Personal Training for Beginners

              Recently, I’ve taken up personal training. I started helping out friends, family, and even have done house calls to those who responded to my Craigslist ad. Health and fitness has always been a large part of my life. Over the years, I’ve built up quite a bit of experience at the gym that I feel that could be valuable to others who are trying to become fit. Fitness is something that is a constant in my life, so if there was a subject to pass my knowledge of onto others, it’d be fitness.

              Before starting, I had no official experience or certifications when it came to personal training. But I didn’t want to let that from stopping me try something new. The reason behind starting this new side hustle was to pass on my vast knowledge of the proper way to exercise and eat, to give myself a new challenge and something to make me nervous about, and to earn a little cash on the side. All fine reasons in my opinion. So, I put out my first ad and got my first customer not shortly after. It was a strange feeling because I honestly wasn’t sure if anyone would respond to the ad. Nevertheless, I needed a plan to give to my new customer. And that was a new challenge for me. I was nervous, doubtful, and a little annoyed to be honest. Now it was time to go to work.

              The first thing I do when assessing a new client, I look at where they are currently at and what their goals are. If their goals are to lose weight, then I’d focus more on diet and cardio. If their goals are to gain mass, I’d focus on weight training. If their focus is on longevity, flexibility, and mobility, then I’d focus on compound movements and stretching. Depending on what the clients’ goals are all depend on how you treat their plan. If the client is unsure and wants just overall fitness, then I’ll balance all three of these different fitness aspects.

              After assessing the clients’ goals, then it’s time to come up with a program. At the core of each program, it should be similar from client to client. The core of each program will be similar. Where they differ depends on what the goals are. But for my clients, I have specific exercises that I know work and benefit someone no matter what their intentions are. So, that will be the core of my program. Then I will add on different specialized exercises tailored to the clients’ needs.
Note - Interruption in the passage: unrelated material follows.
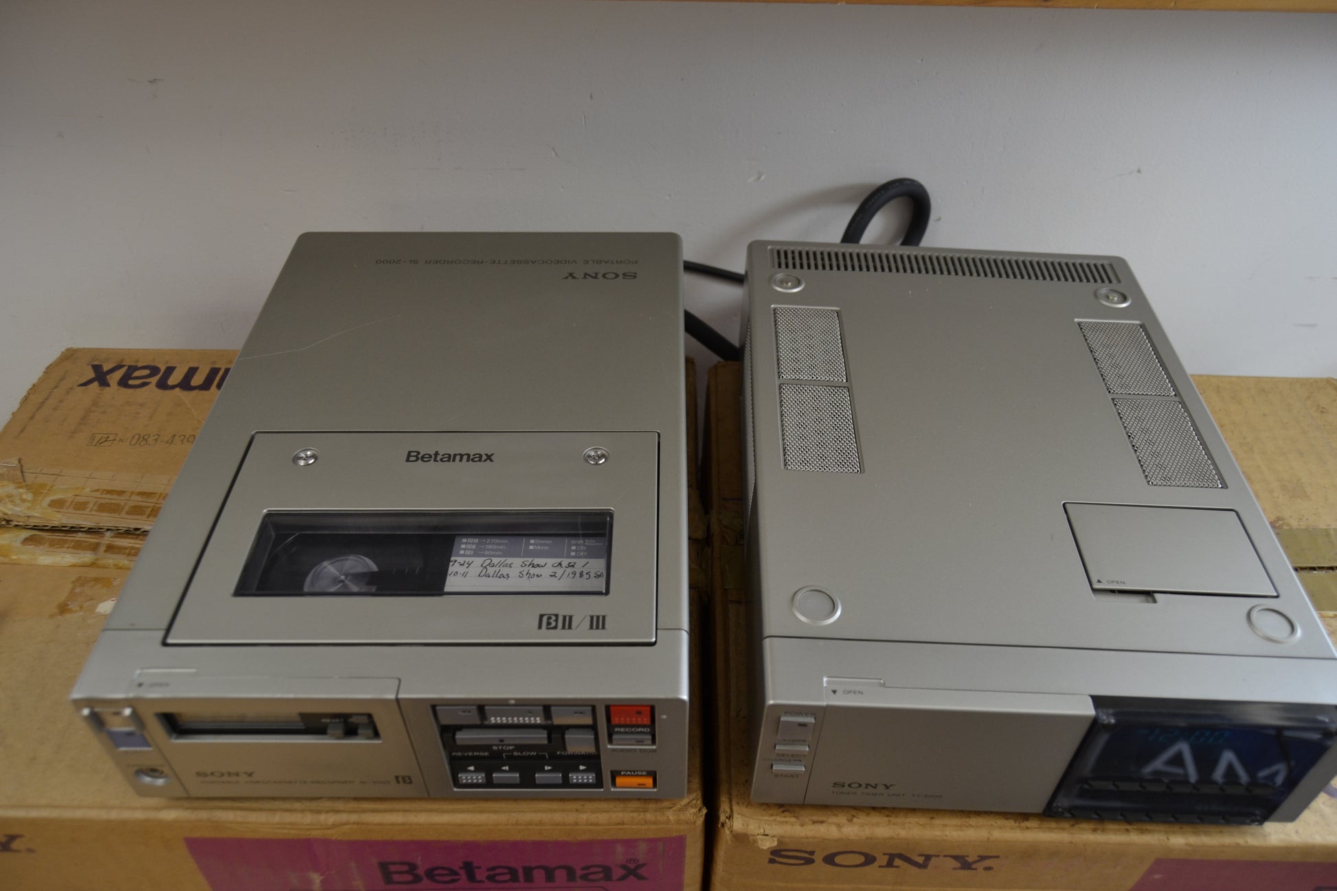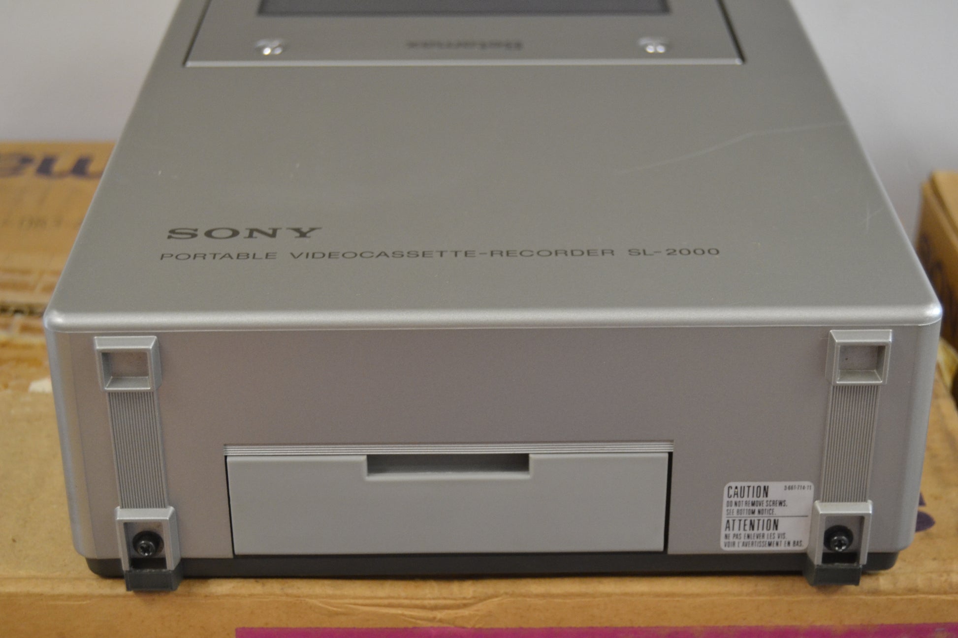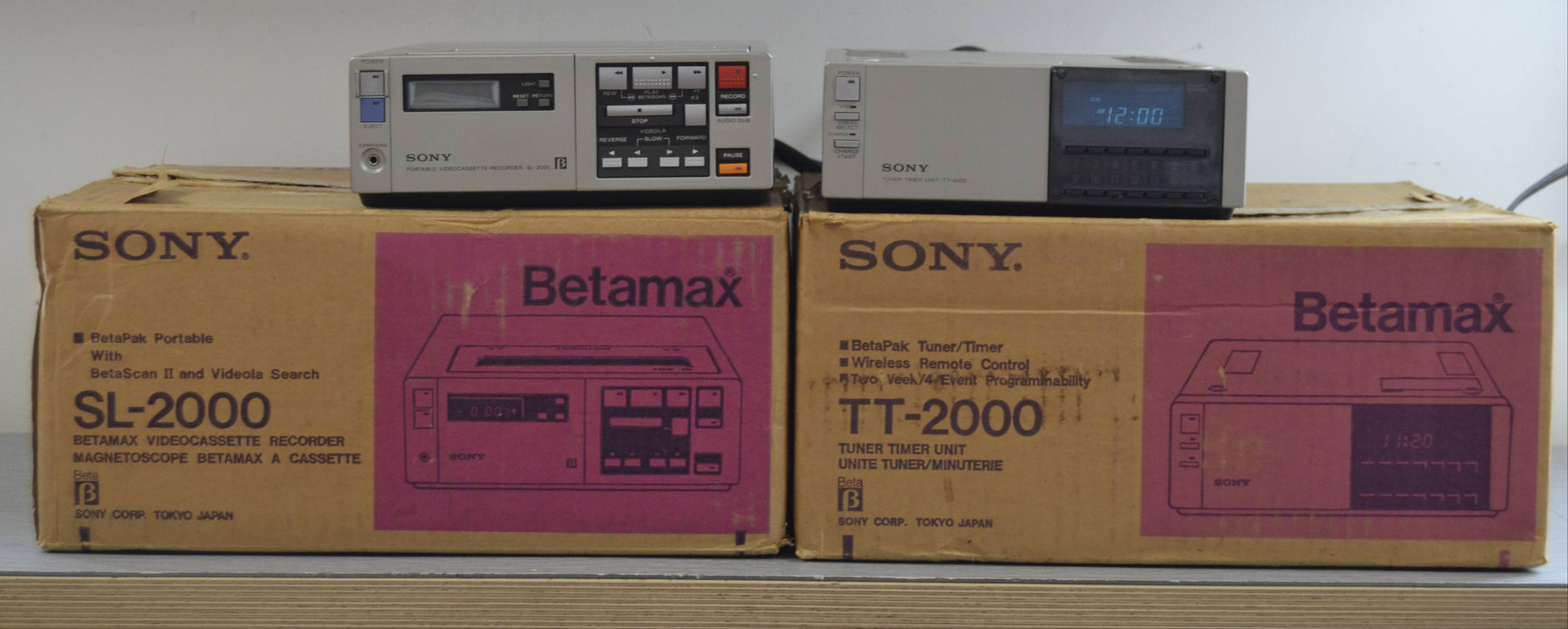 When Sony introduced the SL-2000 it was immediately recognized by every video publication and technical lab as the finest portable VCR ever made. Everybody who wanted to record video "on the go" had to have one. It was (and still is) a crowning achievement with stellar handling characteristics that surpasses any consumer video tape recorder. Gorgeous and simple it was also totally supported by its maker, Sony. They poured everything that they were famous for into this little jewel. It afforded a new creativity and flexibility previously not available to the consumer, and there was an accessory to accommodate your every creative desire. Portability was its hallmark, but one of the the primary accessories was its equally small and equally impressive tuner/timer. It turned the portable into a full featured, free standing home video recorder. It also charged the removable battery inside the VCR and permitted arm chair control by using the included full function infrared remote, called the Commander. But it didn't stop there (that would have been enough for some VCR manufacturers) no, Sony offered lots of other accessories. For powering the portable VCR there was a 12 volt car adapter, a separate battery charger, a rechargeable battery 4-pack and a rechargeable battery belt. There were also a number of sophisticated cameras that you could use for mobile movie making. To accommodate this new mobility there were several carrying cases, a clamshell sports pack that strapped onto your back, that also supported a camera, and a four wheeled folding cart. There was even an outrageously expensive diving enclosure for underwater videography that held a camera, recorder and two batteries. This plethora of support accessories were advertised by Sony as the "Betamax System" strategy. Sony was very big on coming up with buzzwords that called attention to a feature or benefit the customer would receive from their products. It had work wonders for them with their other products, it should also work with their new Betamax. Another Sony slogan at this same time was the "Betamax, the Sony of VCRs". This put forth the corporate ego that Sony was the best you could get. This bragging was intended to promote Betas quality image but it also had the negative effect of putting the other Beta format makers (Sanyo, NEC,Toshiba, Aiwa and Zenith) in a secondary light in the eyes of consumers. The untouchable excellence of the model SL-2000 didn't help the situation because it has so many great things going for it, one was worthy of a whole new Sony buzzword. A new term that Sony hoped would highlight a smart new feature incorporated into this portable VCR. This newcomer to the list of novel names was "Videola" and when it hit the public it immediately got Sony in trouble. But first what this new feature was and how it was made possible. It was attainable because the reel table assembly inside the SL-2000 was capable of maintaining constant tension at all times, at any speed, at any angle during operation. This allows it to slow scan the tape backwards and forwards in pause while showing a very good, steady picture. This is great for locating editing points when going through different scenes. Even better Sony incorporated this feature into the recording mode when you using a Sony camera. Called "Record Review" it worked this way. When the VCR was in the recording pause mode pressing a button on the camera would cause the tape to travel backwards a short distance and then play back the last few seconds of what you just recorded. After it did this it would then go back into record pause mode. This awesome function was possible because of what Sony called the Videola feature that was built into the SL-2000. (The magnificent SL-2500 home recorder accepts a camera and duplicates this feature.) Sony heavily promoted the SL-2000 and all was going great until a company named Movieola cried foul. Sounds too much like us, they said. Sony was already in one lawsuit over movie rights so they didn't need this. They agreed to change the name of this new super power to "SWING SEARCH" which was pretty clever, really (and sort of accidental). It was a good replacement because you can place your fingers on both of the Swing Search keys on the front of the VCR and press them back and forth during pause, it really was like you were swinging the tape direction back and forth. In the picture above you can see these "VIDEOLA" buttons on the face of the VCRs. Sony only sold a few of the units that had VIDEOLA printed on the front before it was replaced with "SWING SEARCH". Of those early units the very first ones also didn't have the tactile bumps molded into the play, record and videola buttons. The two early designs are shown picture above (Plate 1). Click on the picture and you can see the remotes that came with the companion TT-2000 unit (PLATE 2). The early one has "VIDEOLA" printed beneath the special effects button array, later it changed to "SWING SEARCH". After the name changes and the dust settled the Sony Beta partner, Zenith, decided they wanted this portable to compliment their current home models. Sony had been making their Beta VCRs all along and branding them as Zenith. Of course, they would oblige. It became their model VR9800. Click on the picture (Plate3) and it is shown under the final design SL-2000, which now had Swing Search printed above the control buttons. Below that is the VR9800 and you can see that Zenith called this feature "Video Action". They carried their buzzword over to their other models as well. It's easy to see the similarity in this picture. The VR 9500 was the SL-2000 with just a slightly different button configuration. (Notice there are no tactile bumps on the buttons.) During this time period Zenith was in a good position to reap some great benefits from its Beta association, but things went south pretty quick. Turned out that all the accessories for this awesome new portable had Sony's name on item! N

              For one of my clients, we are working out at his home gym. This provides limitations on what we can do since we aren’t working with a fully stocked gym. This may require us to get creative at times to maximize the output with the equipment on hand. That’s all part of the fun. But in cases like this, I will still try to keep the core of the workout the same and find ways to use the equipment we have to do so. If all else fails, I have a library of body weight exercises that will mimic what I would normally do with weights.

              That’s essentially it. If you feel confident in your abilities in the gym to change your own body for the better, try giving personal training a try. It’s a way to challenge yourself, perhaps get you out of your comfort zone, and make some side cash while doing so. I felt a little awkward starting out with my first client, but this is all part of the process. Of course it should feel awkward. Starting anything new and doing something for the first time should feel awkward. Don’t try and fight it. Instead, accept it, move on, and get started on how you plan on progressing. Learning and growing isn’t easy and not always fun. But after it’s all said and done, we are better for it. Good luck!